**WHAT TO DO:** Every line of the records below from the line with "Early departure from" up to and including the line with "יצירת אומנות, תמונה" must be reproduced exactly, and no line outside that range.
======== EXERCISE INPUTS ========
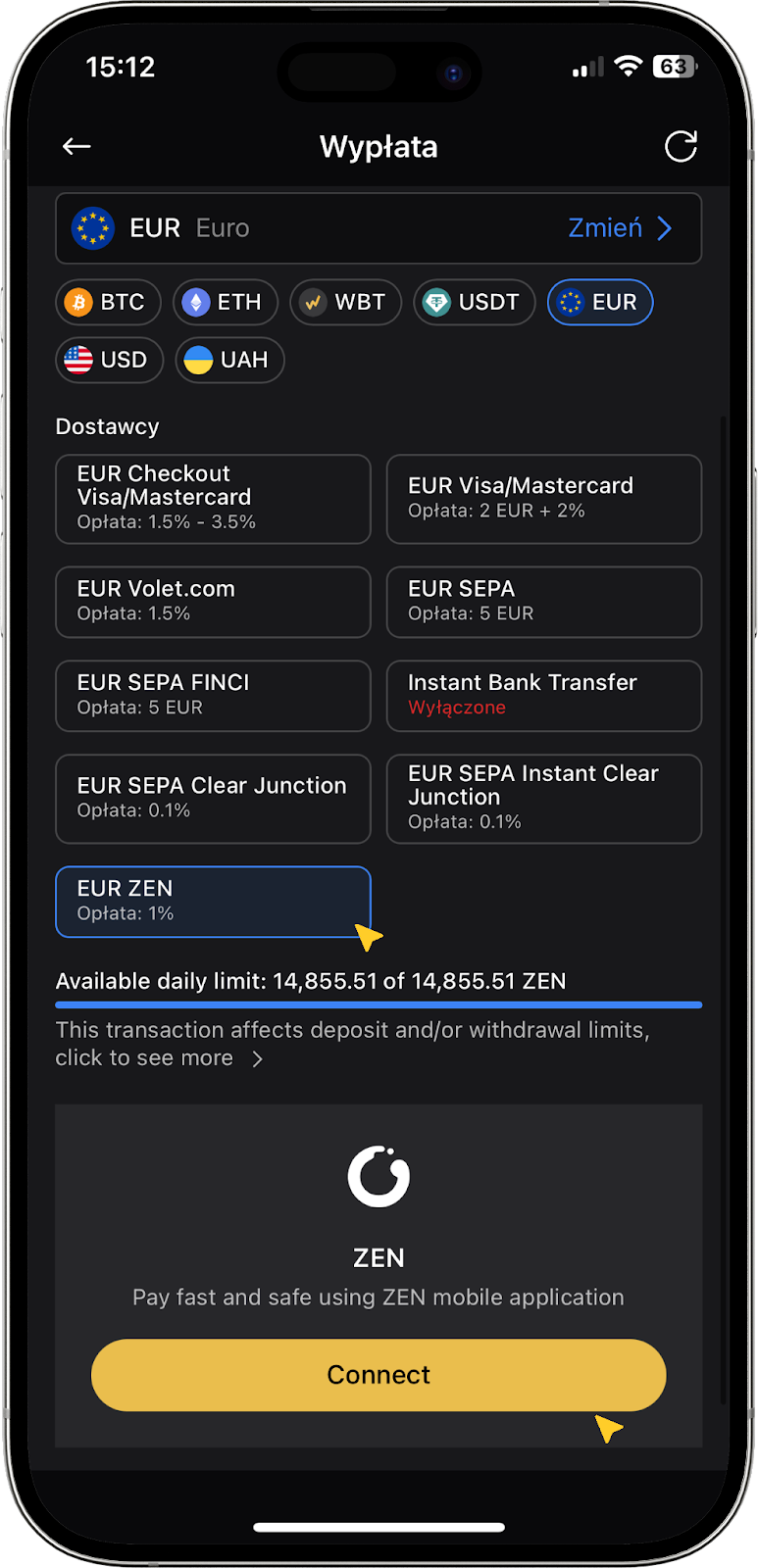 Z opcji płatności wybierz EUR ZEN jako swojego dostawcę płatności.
========
======== EXERCISE INPUTS ========
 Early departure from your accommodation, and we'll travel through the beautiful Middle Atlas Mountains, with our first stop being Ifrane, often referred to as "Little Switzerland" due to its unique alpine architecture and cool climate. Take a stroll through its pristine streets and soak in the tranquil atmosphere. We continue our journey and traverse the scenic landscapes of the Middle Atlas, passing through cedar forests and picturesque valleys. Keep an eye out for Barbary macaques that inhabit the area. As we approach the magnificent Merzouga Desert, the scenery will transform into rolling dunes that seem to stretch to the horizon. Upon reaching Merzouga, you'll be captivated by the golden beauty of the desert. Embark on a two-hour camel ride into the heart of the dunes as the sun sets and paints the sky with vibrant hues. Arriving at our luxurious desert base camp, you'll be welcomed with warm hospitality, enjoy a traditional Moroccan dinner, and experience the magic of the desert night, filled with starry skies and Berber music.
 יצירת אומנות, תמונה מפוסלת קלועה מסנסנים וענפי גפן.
========
**SOLUTION FOR THIS EXERCISE:**
 Early departure from your accommodation, and we'll travel through the beautiful Middle Atlas Mountains, with our first stop being Ifrane, often referred to as "Little Switzerland" due to its unique alpine architecture and cool climate. Take a stroll through its pristine streets and soak in the tranquil atmosphere. We continue our journey and traverse the scenic landscapes of the Middle Atlas, passing through cedar forests and picturesque valleys. Keep an eye out for Barbary macaques that inhabit the area. As we approach the magnificent Merzouga Desert, the scenery will transform into rolling dunes that seem to stretch to the horizon. Upon reaching Merzouga, you'll be captivated by the golden beauty of the desert. Embark on a two-hour camel ride into the heart of the dunes as the sun sets and paints the sky with vibrant hues. Arriving at our luxurious desert base camp, you'll be welcomed with warm hospitality, enjoy a traditional Moroccan dinner, and experience the magic of the desert night, filled with starry skies and Berber music.
 יצירת אומנות, תמונה מפוסלת קלועה מסנסנים וענפי גפן.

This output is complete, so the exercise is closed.